Stop relying solely on static configuration scan reports. Use an automated platform to continuously simulate scenarios like: “If an AK/SK key is leaked, what could an attacker do with it?” or “If this security group rule is permissive, which internal services can an attacker access?”
Use the results of these simulated attacks to drive the immediate discovery, correction, and hardening of misconfigurations. We can no longer afford to wait for the next monthly or quarterly audit, or discover the root cause only after a security incident occurs.
The Third Data: 40%
In the client security incidents we reviewed, nearly 40% of successful intrusions exploited vulnerabilities that were [patched].
What does this mean?
What does this mean? We hold weekly vulnerability review meetings, pushing operations and development teams to apply patches, and consider the issue resolved once the vulnerability list is cleared, thinking the job is done.
But the data tells us that applying a patch does not always equate to eliminating the risk. Many times:
- The patch might not have been applied correctly to all relevant assets.
- The patch itself might have issues or be incompatible with business operations, leading to a silent rollback.
- Attackers might use a new technique to bypass the patch.
We become satisfied seeing the vulnerability disappear from the scan report, but we fail to validate whether the attack vector exploiting that vulnerability has actually been neutralized.
What should we do?
Incorporate a mandatory security validation step into the vulnerability remediation process. When operations or development teams report a vulnerability as fixed, the work isn’t over. The security team must immediately use the ATLASSecurity Validation Platform to re-run the attack playbook specifically targeting that vulnerability.
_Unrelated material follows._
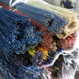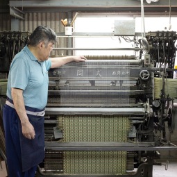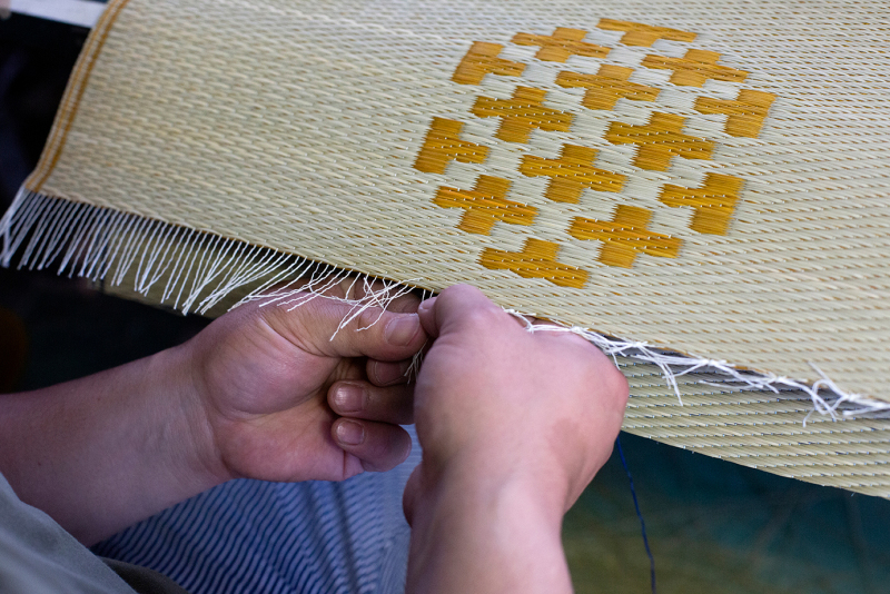 倉敷市西阿知町で開発された「岡式織機」という機械を使った技法を昭和8年から今なお引き継いでおり、さらりとした触り心地やほんのり感じるい草の香りに心安らぎます。

Only when the attack simulation shows ‘no longer successfully exploitable’ can that vulnerability remediation ticket be truly closed.
These three data converge on the same conclusion: the focus of our security efforts is shifting from assumption to proof.
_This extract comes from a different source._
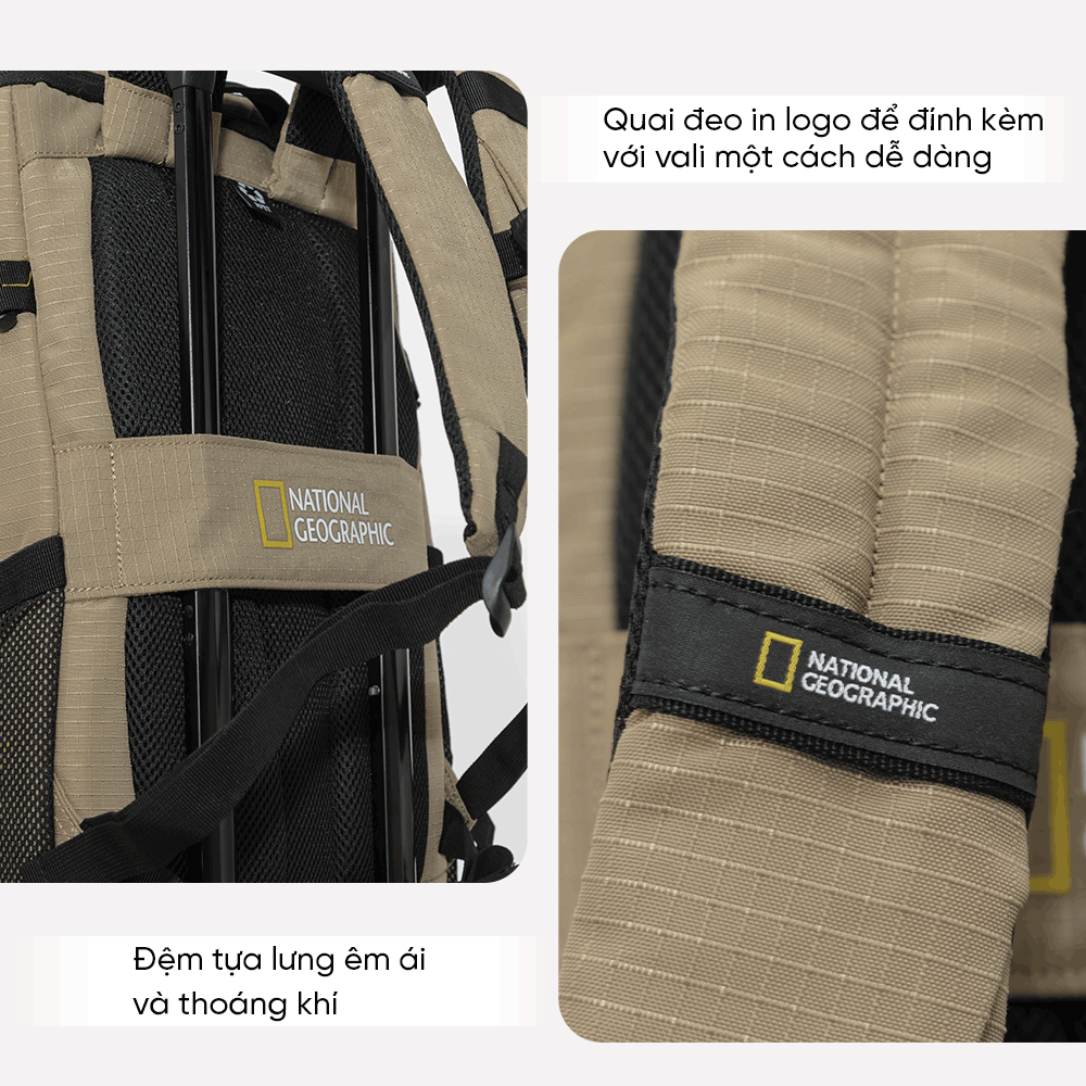 N21218 có đệm tựa lưng êm ái và thoáng khí, đi kèm với quai đeo in logo để đính kèm với vali một cách dễ dàng.

We can no longer assume that a lack of alerts means security; we can no longer assume that deploying tools equates to effectiveness; we can no longer assume that applying patches resolves risks.
The core value of the ATLAS Security Validation Platform is to help our clients achieve this transformation from “I think so” to “I am certain”. By using continuous, automated security validation data, we can guide our limited resources to be invested in mitigating the most real and urgent risk impacts.